Task inputs:
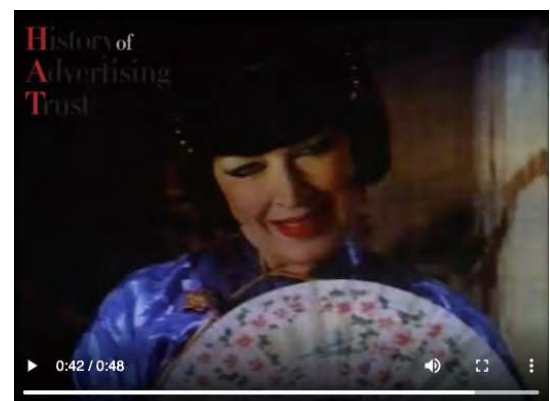
Fig. 13: Bird's Eye (1979)

This advert is only the tip of an iceberg in this respect. British TV advertisers have long been fixated not only on Chinese accents in general but also on certain perceived pronunciation problems in particular – specifically, as we have already seen, in the misplacing of the letters L and R, wherein 'very' is believed to be pronounced 'vely' (or 'vewy') and 'lock' is believed to be pronounced either 'rock' or 'wock'. In British contexts, these mispronunciations are frequently, yet incorrectly, associated with Chinese people. Perhaps the most exemplary case appears in 1979, when the otherwise entirely reputable white British actors, June Whitfield and David Suchet, indulged in an embarrassing case of 'yellow-face' – or, as they might say in this advert, 'yarrow-face' or even 'lerrow-face'.
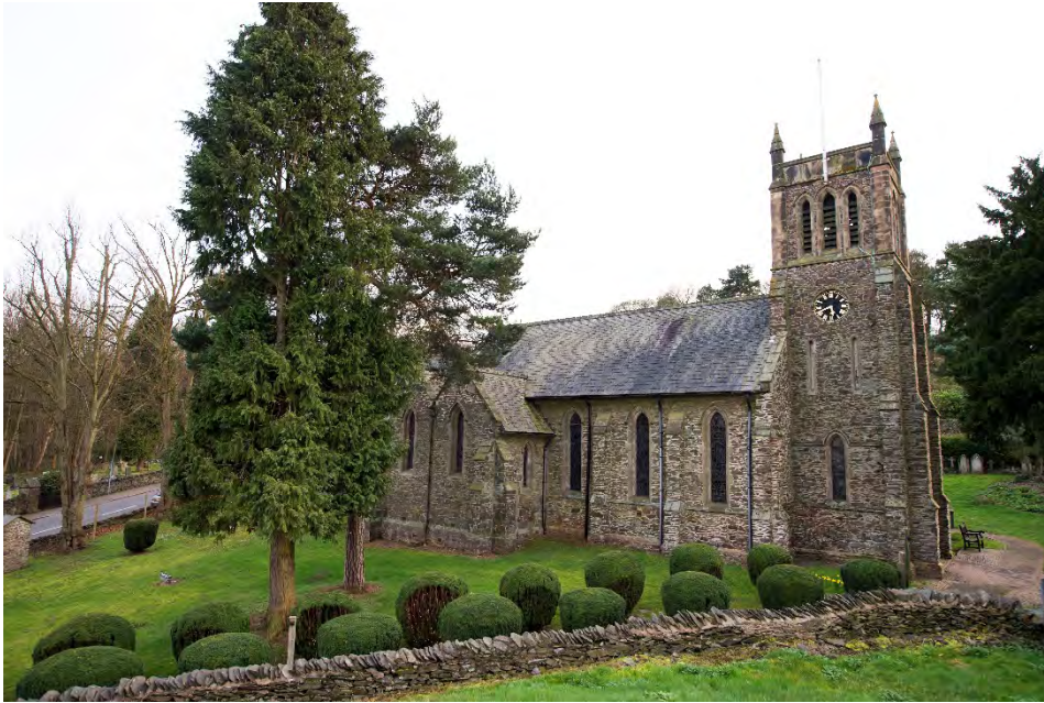
St Paul's Church, Woodhouse Eaves
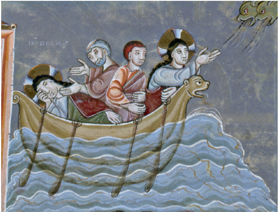
From the Echternach Gospels, Storm on Lake Galilee, Germanisches Nationalmuseum Nuremberg
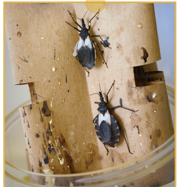
Photo of a triatomine bug which if infected can transmit T. cruzi .
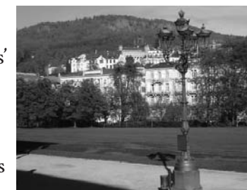
The countryside of Baden-Baden awaits all who attend.

Accommodations will be in single or twin-bed rooms at our college venue, or in nearby guest houses/hotels where we have block bookings.
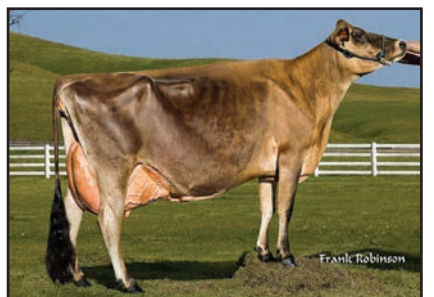
FAMILY HILL G FAITH FLIRT Grandam of Lot 9
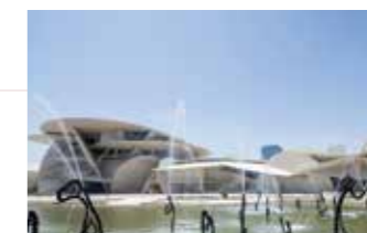
National Museum of Qatar South Carpark: Kiosks and landscaping package, Bradford-White.
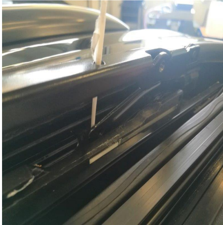
Figure 10. Close up view of the lubrication of the channel under the arm of the slide and tilt mechanism.
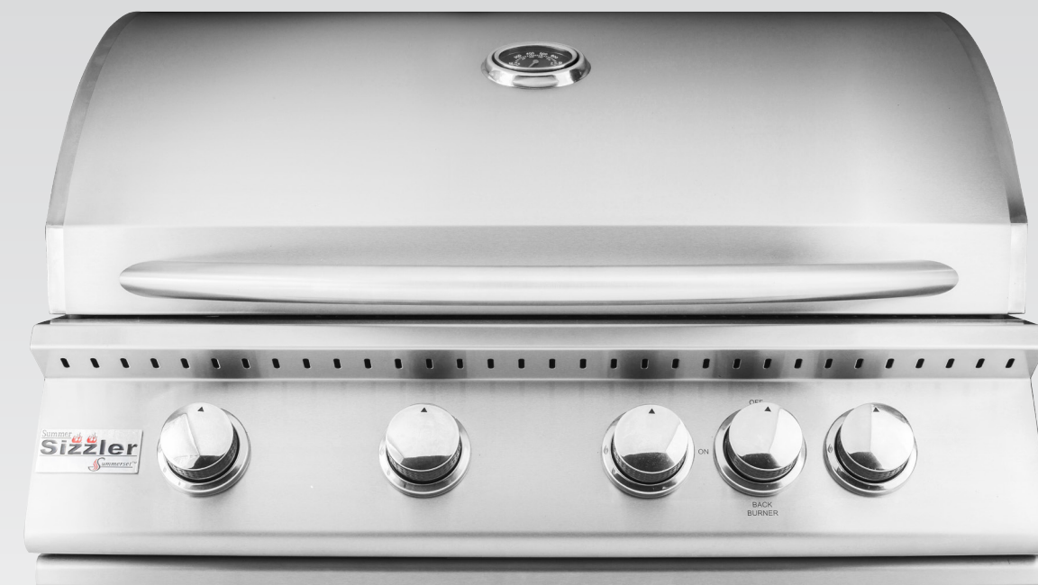
SIZZLER 32" GRILL SIZ32

Cooking Surface: 550 sq. in. Coutouts: (W) 23 3/4 x (H) 8 1/2 x (D) 20 3/4
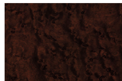
Birdseye Maple Wood trim LIMITED MODELS ONLY
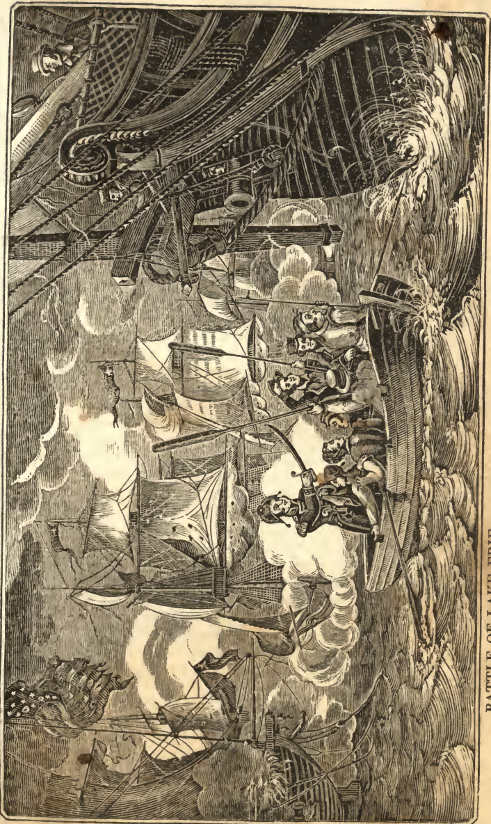
BATTLE OF LAKE ERIE..... COMMODORE PERRY.
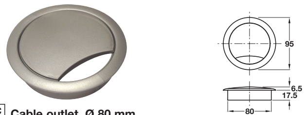
C Cable outlet, Ø 80 mm
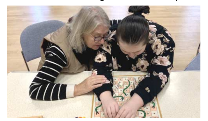
Family Group – volunteer helps with tactile Snakes & Ladders.
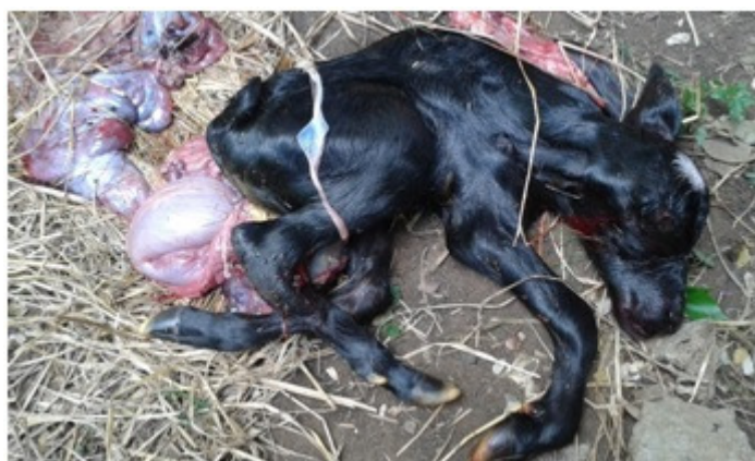
Fig 2: Dorsal deviation of vertebral column and ankylosis of the limbs
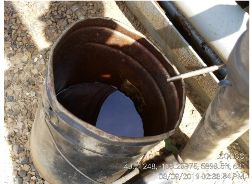
Photo 3. Bucket next to separator containing dark fluid without wildlife protection.
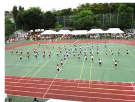
G3,4 “ Jiitubido-I Ninjukuduchi ”
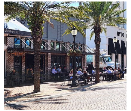
February 22, 2024 New definitions approved for Sarasota restaurants and bars
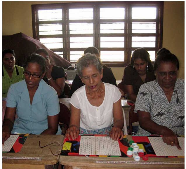
We followed along with the demonstration
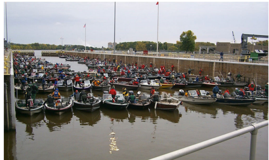
Highest rec #s in MVD
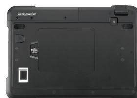
Integrated Bio reader (Optional)
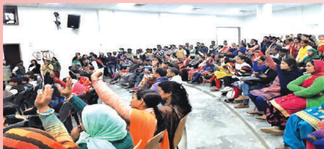
Community meeting for awareness on Routine Immunization

Under this program we provide medical helps in those areas there is lack of health centers. In this program we distribute medicine and other health related things by organizing health camps and outreach the community. Some children, who were unimmunized gets immunized by these health camps. Blood tests, Urine test & weight measures for pregnant women are also done for free in the health camps.
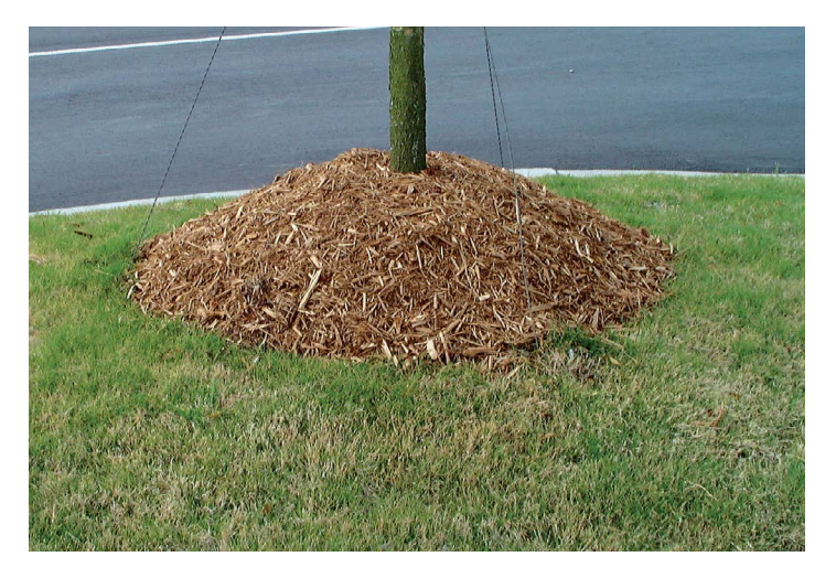
Figure 6. Never build volcanoes. This crown will rot and the roots are smothered.
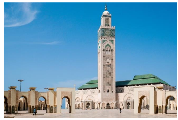
Above Skalhalt Church, Iceland. Below Hassan II Mosque, Casablanca, 2019.
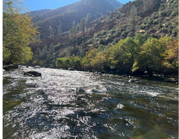
Facing downstream from Transect F
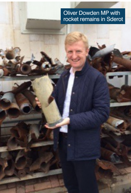
Oliver Dowden MP with rocket remains in Sderot

“Nothing beats the experience of seeing the situation on the ground.”
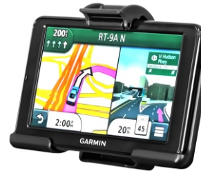
MODEL SPECIFIC GPS CRADLES (PART NUMBERS VARY)
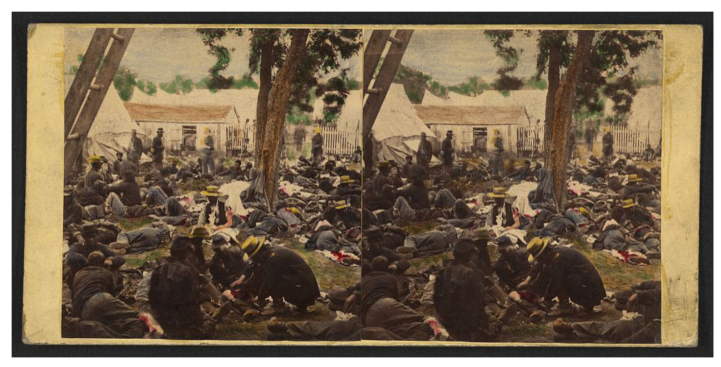
Tending the wounded at Savage Station, stereograph

CC.1.2.11-12.A, B, I; CC.1.4.11-12.A, H, I; CC.1.5.11-12.A, D, G; CC8.5.11-12.A-C, F, H; CC8.6.11-12.H
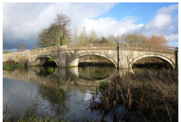
Bridge across the lake

One of the stopping points on the route around the lake was Raleigh's Seat, the viewing spot that former owner Sir Walter Raleigh had built against the park wall in the north-east.
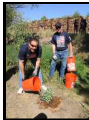
Planting and watering new shrubs.
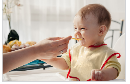
Energy Water for baby food
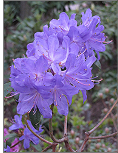
Blue Baron Rhododendron flowers

Task to carry out:
Copy out the material above in full and exactly, but with no pictures.

Answer for this exercise:
Fig. 13: Bird's Eye (1979)

This advert is only the tip of an iceberg in this respect. British TV advertisers have long been fixated not only on Chinese accents in general but also on certain perceived pronunciation problems in particular – specifically, as we have already seen, in the misplacing of the letters L and R, wherein 'very' is believed to be pronounced 'vely' (or 'vewy') and 'lock' is believed to be pronounced either 'rock' or 'wock'. In British contexts, these mispronunciations are frequently, yet incorrectly, associated with Chinese people. Perhaps the most exemplary case appears in 1979, when the otherwise entirely reputable white British actors, June Whitfield and David Suchet, indulged in an embarrassing case of 'yellow-face' – or, as they might say in this advert, 'yarrow-face' or even 'lerrow-face'.
St Paul's Church, Woodhouse Eaves
From the Echternach Gospels, Storm on Lake Galilee, Germanisches Nationalmuseum Nuremberg
Photo of a triatomine bug which if infected can transmit T. cruzi .
The countryside of Baden-Baden awaits all who attend.

Accommodations will be in single or twin-bed rooms at our college venue, or in nearby guest houses/hotels where we have block bookings.
FAMILY HILL G FAITH FLIRT Grandam of Lot 9
National Museum of Qatar South Carpark: Kiosks and landscaping package, Bradford-White.
Figure 10. Close up view of the lubrication of the channel under the arm of the slide and tilt mechanism.
SIZZLER 32" GRILL SIZ32

Cooking Surface: 550 sq. in. Coutouts: (W) 23 3/4 x (H) 8 1/2 x (D) 20 3/4
Birdseye Maple Wood trim LIMITED MODELS ONLY
BATTLE OF LAKE ERIE..... COMMODORE PERRY.
C Cable outlet, Ø 80 mm
Family Group – volunteer helps with tactile Snakes & Ladders.
Fig 2: Dorsal deviation of vertebral column and ankylosis of the limbs
Photo 3. Bucket next to separator containing dark fluid without wildlife protection.
G3,4 “ Jiitubido-I Ninjukuduchi ”
February 22, 2024 New definitions approved for Sarasota restaurants and bars
We followed along with the demonstration
Highest rec #s in MVD
Integrated Bio reader (Optional)
Community meeting for awareness on Routine Immunization

Under this program we provide medical helps in those areas there is lack of health centers. In this program we distribute medicine and other health related things by organizing health camps and outreach the community. Some children, who were unimmunized gets immunized by these health camps. Blood tests, Urine test & weight measures for pregnant women are also done for free in the health camps.
Figure 6. Never build volcanoes. This crown will rot and the roots are smothered.
Above Skalhalt Church, Iceland. Below Hassan II Mosque, Casablanca, 2019.
Facing downstream from Transect F
Oliver Dowden MP with rocket remains in Sderot

“Nothing beats the experience of seeing the situation on the ground.”
MODEL SPECIFIC GPS CRADLES (PART NUMBERS VARY)
Tending the wounded at Savage Station, stereograph

CC.1.2.11-12.A, B, I; CC.1.4.11-12.A, H, I; CC.1.5.11-12.A, D, G; CC8.5.11-12.A-C, F, H; CC8.6.11-12.H
Bridge across the lake

One of the stopping points on the route around the lake was Raleigh's Seat, the viewing spot that former owner Sir Walter Raleigh had built against the park wall in the north-east.
Planting and watering new shrubs.
Energy Water for baby food
Blue Baron Rhododendron flowers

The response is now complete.